Additional issues with pve-firewall:

https://forum.proxmox.com/threads/proxmox-firewall-not-working-status-update-error.155905/
https://forum.proxmox.com/threads/firewall-issues-in-8-2-7.155707/

 

[LnxBil]

Additional issues with pve-firewall:

https://forum.proxmox.com/threads/proxmox-firewall-not-working-status-update-error.155905/
https://forum.proxmox.com/threads/firewall-issues-in-8-2-7.155707/

Thank you for bringing this to my attention. I also experienced strange behaviour after updating to PVE 8, yet did not jump beyond the first two levels of the rabbit hole and did not find an answer besides disabling the firewall.

 

[esi_y]

Thank you for bringing this to my attention. I also experienced strange behaviour after updating to PVE 8, yet did not jump beyond the first two levels of the rabbit hole and did not find an answer besides disabling the firewall.
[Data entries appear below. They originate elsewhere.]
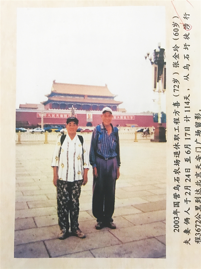 6月14日,经过一路艰辛前行,程方喜夫妇达到北京市房山区。“快到北京了,心情变得明朗起来,在路上遇到一位老人,他告诉我们现在北京‘非典’形势好转,你们去天安门应该没问题。”程方喜记录道。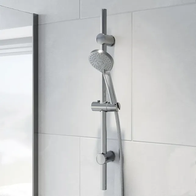 Add a touch of functionality and style to your shower with the round handset. This handset offers a classic showering experience for you to enjoy. An adjustable riser rail is also incorporated, so you can easily adjust the shower handset to the perfect height.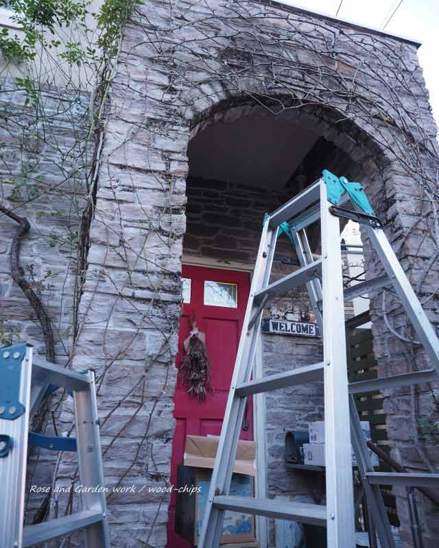 例年はアーチからでしたが、かがんで行う作業をしばらくしていたので、なんとなく高い脚立に上がりたい気分だったので。

It's just that I wish these issues were brought up quickly into some sort of advisory that bumps up in the PVE itself. There's nothing wrong with going after bugs, I have issue with not warning everyone about these kinds of bugs.

NB I am not saying everything is caused by what I originally reported, but for me the principle of a firewall failure must always be ... if it cannot load the full proper ruleset, it must be stuck on DROP all, if it cannot even start, it must stop the dependent services to start as well, better yet, stop networking from going online even.